Changing stroke rehab and research worldwide now.Time is Brain! trillions and trillions of neurons that DIE each day because there are NO effective hyperacute therapies besides tPA(only 12% effective). I have 523 posts on hyperacute therapy, enough for researchers to spend decades proving them out. These are my personal ideas and blog on stroke rehabilitation and stroke research. Do not attempt any of these without checking with your medical provider. Unless you join me in agitating, when you need these therapies they won't be there.

What this blog is for:

My blog is not to help survivors recover, it is to have the 10 million yearly stroke survivors light fires underneath their doctors, stroke hospitals and stroke researchers to get stroke solved. 100% recovery. The stroke medical world is completely failing at that goal, they don't even have it as a goal. Shortly after getting out of the hospital and getting NO information on the process or protocols of stroke rehabilitation and recovery I started searching on the internet and found that no other survivor received useful information. This is an attempt to cover all stroke rehabilitation information that should be readily available to survivors so they can talk with informed knowledge to their medical staff. It lays out what needs to be done to get stroke survivors closer to 100% recovery. It's quite disgusting that this information is not available from every stroke association and doctors group.

Tuesday, August 15, 2017

Older Age, Low Socioeconomic Status, and Multiple Comorbidities Lower the Probability of Receiving Inpatient Rehabilitation Half a Year After Stroke

All stroke survivors should be able to receive and use stroke protocols that get them to 100% recovery.
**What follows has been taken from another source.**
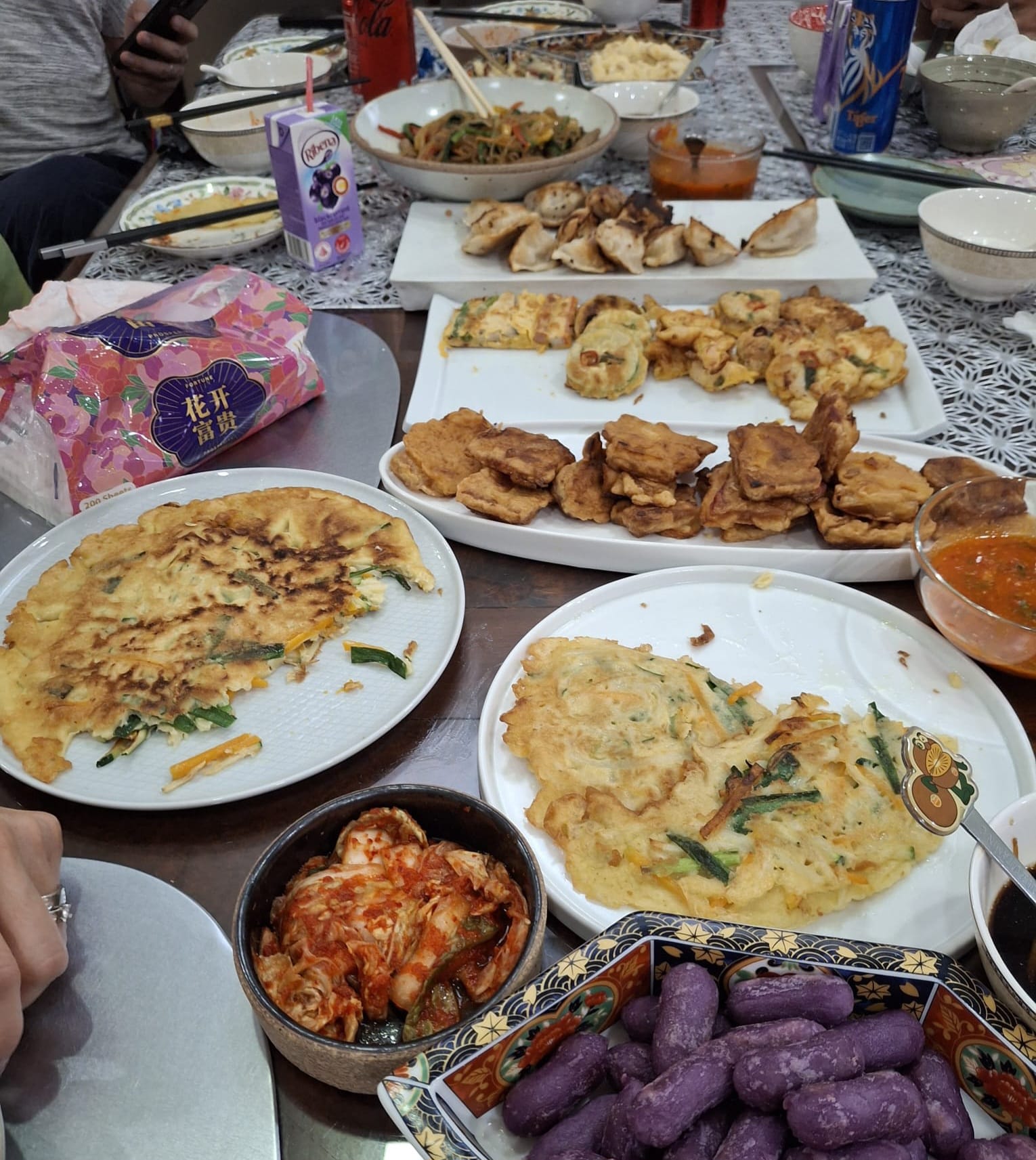 金姐今年特地下厨煎了年糕和饺子,她的韩国媳妇也帮忙下厨为贵客们准备了炒冬粉、猪肉耳朵、沙律等美食。

No stroke survivor left behind. If you can't get behind that goal then get the fuck out of the stroke profession. 
http://www.archives-pmr.org/article/S0003-9993%2816%2930960-1/fulltext#.WZLrX54sH00.twitter

Abstract





Objective

To determine the predictors of receiving inpatient rehabilitation during 7 to 12 months after stroke.




Design

Retrospective cohort study.




Setting

A nationally representative sample of 1 million National Health Insurance enrollees.




Participants

Patients with new-onset stroke (N=13,828) were included. Studied participants were patients who received inpatient rehabilitation during 4 to 6 months after stroke. Patients who died within 1 year of the stroke event were excluded (n=488).




Interventions

Not applicable.




Main Outcome Measures

The outcome variable of interest was the probability of receiving inpatient rehabilitation during 7 to 12 months after stroke. The characteristics of both patients and medical care providers were investigated to determine their effect on patients receiving inpatient rehabilitation.




Results

Older patients, patients of low socioeconomic status, patients with Charlson Comorbidity Index ≥5, and patients who received outpatient rehabilitation during 4 to 6 months after stroke have a lower rate of receiving inpatient rehabilitation than do their counterparts. In addition, receiving inpatient rehabilitation during 7 to 9 months after stroke is a strong positive predictor of receiving inpatient rehabilitation during 10 to 12 months after stroke (odds ratio, 38.556; P<.0001).




Conclusions

This study revealed that older age, lower socioeconomic status, and multiple comorbidities are negative predictive factors with a cumulative predictive power for the probability of receiving inpatient rehabilitation during 7 to 12 months after stroke.